Stored items:
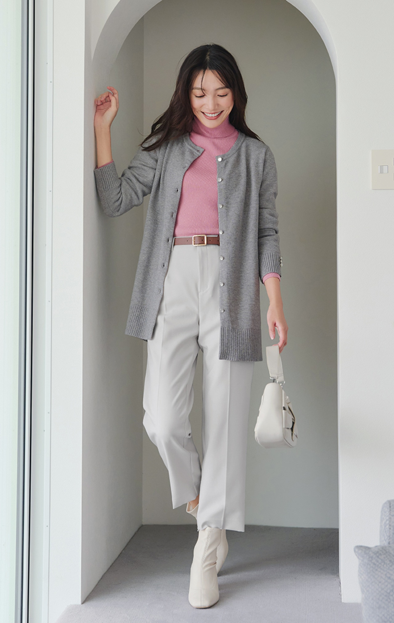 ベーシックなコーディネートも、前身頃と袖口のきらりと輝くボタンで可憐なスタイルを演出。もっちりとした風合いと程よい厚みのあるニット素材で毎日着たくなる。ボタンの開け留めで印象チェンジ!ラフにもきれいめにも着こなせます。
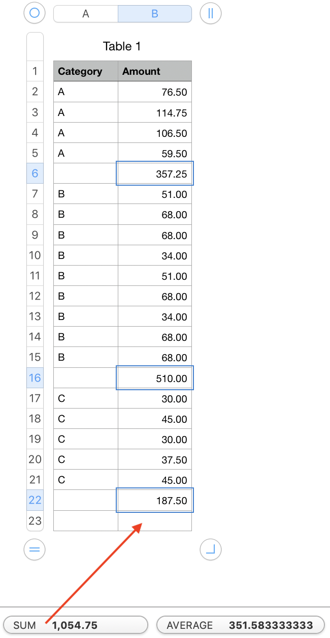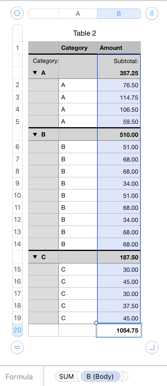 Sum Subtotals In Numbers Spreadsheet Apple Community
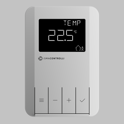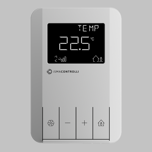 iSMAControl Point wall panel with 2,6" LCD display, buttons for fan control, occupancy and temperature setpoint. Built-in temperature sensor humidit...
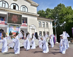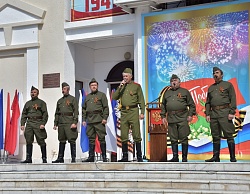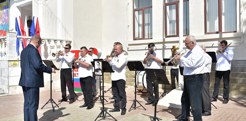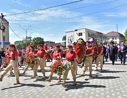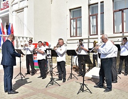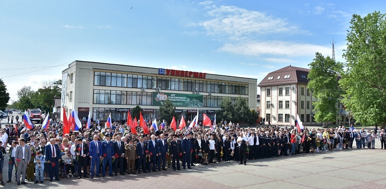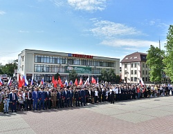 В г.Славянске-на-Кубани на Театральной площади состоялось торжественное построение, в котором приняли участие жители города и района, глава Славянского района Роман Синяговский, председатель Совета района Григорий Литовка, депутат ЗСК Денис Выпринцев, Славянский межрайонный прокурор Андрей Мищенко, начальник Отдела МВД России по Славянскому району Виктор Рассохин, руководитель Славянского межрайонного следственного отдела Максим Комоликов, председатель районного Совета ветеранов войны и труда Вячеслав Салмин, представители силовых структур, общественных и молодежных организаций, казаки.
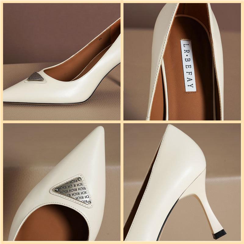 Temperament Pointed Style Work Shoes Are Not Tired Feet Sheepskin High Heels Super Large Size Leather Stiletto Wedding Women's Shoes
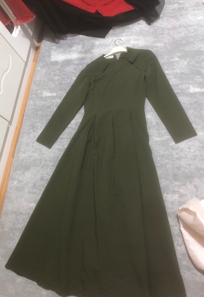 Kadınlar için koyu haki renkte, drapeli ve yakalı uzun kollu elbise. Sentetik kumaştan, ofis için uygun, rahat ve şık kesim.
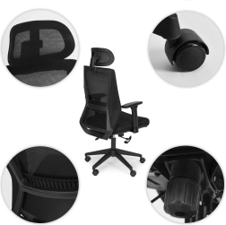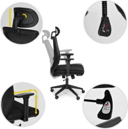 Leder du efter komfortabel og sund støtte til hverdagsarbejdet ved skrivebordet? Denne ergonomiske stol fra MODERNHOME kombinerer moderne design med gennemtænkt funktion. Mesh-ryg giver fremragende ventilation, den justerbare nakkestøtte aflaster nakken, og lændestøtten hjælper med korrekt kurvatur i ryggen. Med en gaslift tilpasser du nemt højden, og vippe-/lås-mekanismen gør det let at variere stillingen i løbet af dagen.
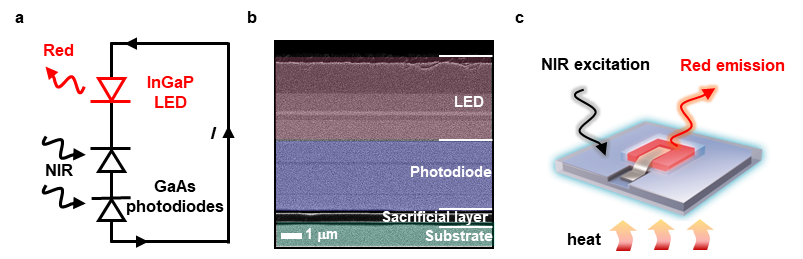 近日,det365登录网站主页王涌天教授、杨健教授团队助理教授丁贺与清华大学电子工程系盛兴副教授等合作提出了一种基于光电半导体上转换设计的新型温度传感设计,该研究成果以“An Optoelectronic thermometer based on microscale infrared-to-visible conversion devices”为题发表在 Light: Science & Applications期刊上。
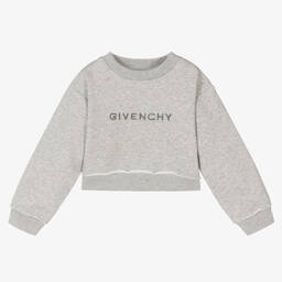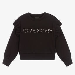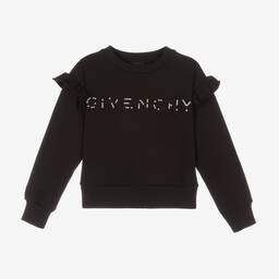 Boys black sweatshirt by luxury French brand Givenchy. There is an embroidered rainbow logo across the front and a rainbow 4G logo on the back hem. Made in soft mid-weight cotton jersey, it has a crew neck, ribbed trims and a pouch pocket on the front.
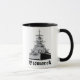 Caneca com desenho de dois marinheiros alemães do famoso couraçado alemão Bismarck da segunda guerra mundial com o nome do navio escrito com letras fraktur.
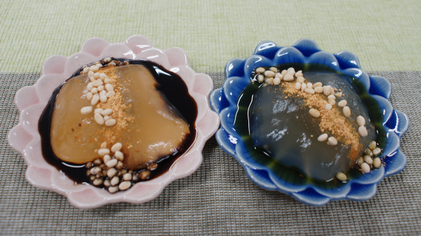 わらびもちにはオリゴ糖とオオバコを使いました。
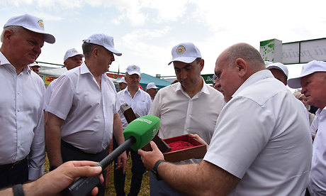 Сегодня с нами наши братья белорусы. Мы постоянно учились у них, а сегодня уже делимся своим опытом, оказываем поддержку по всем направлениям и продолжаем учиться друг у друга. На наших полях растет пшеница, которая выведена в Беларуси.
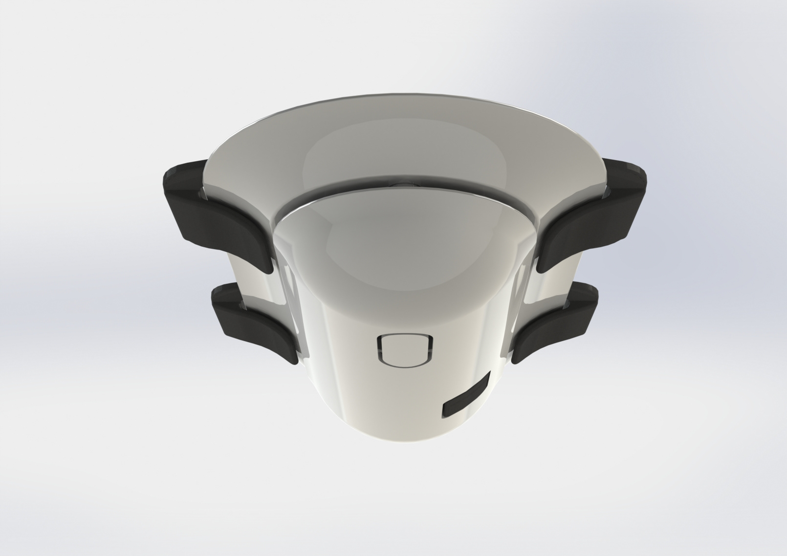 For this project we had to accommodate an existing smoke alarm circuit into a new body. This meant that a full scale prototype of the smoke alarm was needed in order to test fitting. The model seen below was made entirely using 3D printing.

## WHAT THIS TASK INVOLVES
Write out, word for word, the stretch of entries that begins at the line with "В г.Славянске-на-Кубани на" and ends at the line with "Kadınlar için koyu". Pictures do not belong in it.

## ANSWER SPACE
 В г.Славянске-на-Кубани на Театральной площади состоялось торжественное построение, в котором приняли участие жители города и района, глава Славянского района Роман Синяговский, председатель Совета района Григорий Литовка, депутат ЗСК Денис Выпринцев, Славянский межрайонный прокурор Андрей Мищенко, начальник Отдела МВД России по Славянскому району Виктор Рассохин, руководитель Славянского межрайонного следственного отдела Максим Комоликов, председатель районного Совета ветеранов войны и труда Вячеслав Салмин, представители силовых структур, общественных и молодежных организаций, казаки.
 Temperament Pointed Style Work Shoes Are Not Tired Feet Sheepskin High Heels Super Large Size Leather Stiletto Wedding Women's Shoes
 Kadınlar için koyu haki renkte, drapeli ve yakalı uzun kollu elbise. Sentetik kumaştan, ofis için uygun, rahat ve şık kesim.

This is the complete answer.